> _DATA TO USE_:
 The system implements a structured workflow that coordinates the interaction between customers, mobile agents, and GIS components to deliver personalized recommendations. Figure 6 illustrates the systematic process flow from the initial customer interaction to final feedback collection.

--

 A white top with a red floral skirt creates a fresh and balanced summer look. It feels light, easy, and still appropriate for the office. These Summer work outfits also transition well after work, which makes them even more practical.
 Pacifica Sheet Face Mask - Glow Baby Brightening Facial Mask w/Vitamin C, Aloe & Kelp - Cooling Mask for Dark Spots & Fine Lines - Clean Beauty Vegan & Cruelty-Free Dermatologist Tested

...

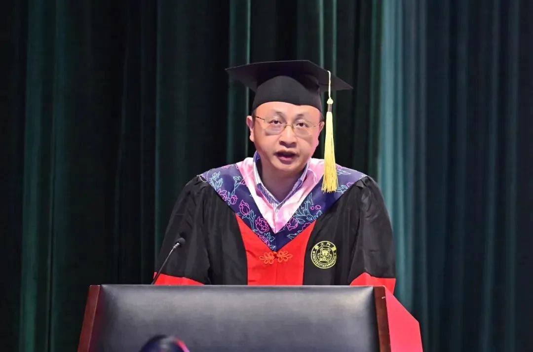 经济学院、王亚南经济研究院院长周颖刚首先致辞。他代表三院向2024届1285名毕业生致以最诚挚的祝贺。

> _ABOUT THIS EXERCISE_:
The required output is every line above from the one with "A white top" down to the one with "Pacifica Sheet Face", restated word for word, ends included.

> _EXERCISE RESPONSE_:
 A white top with a red floral skirt creates a fresh and balanced summer look. It feels light, easy, and still appropriate for the office. These Summer work outfits also transition well after work, which makes them even more practical.
 Pacifica Sheet Face Mask - Glow Baby Brightening Facial Mask w/Vitamin C, Aloe & Kelp - Cooling Mask for Dark Spots & Fine Lines - Clean Beauty Vegan & Cruelty-Free Dermatologist Tested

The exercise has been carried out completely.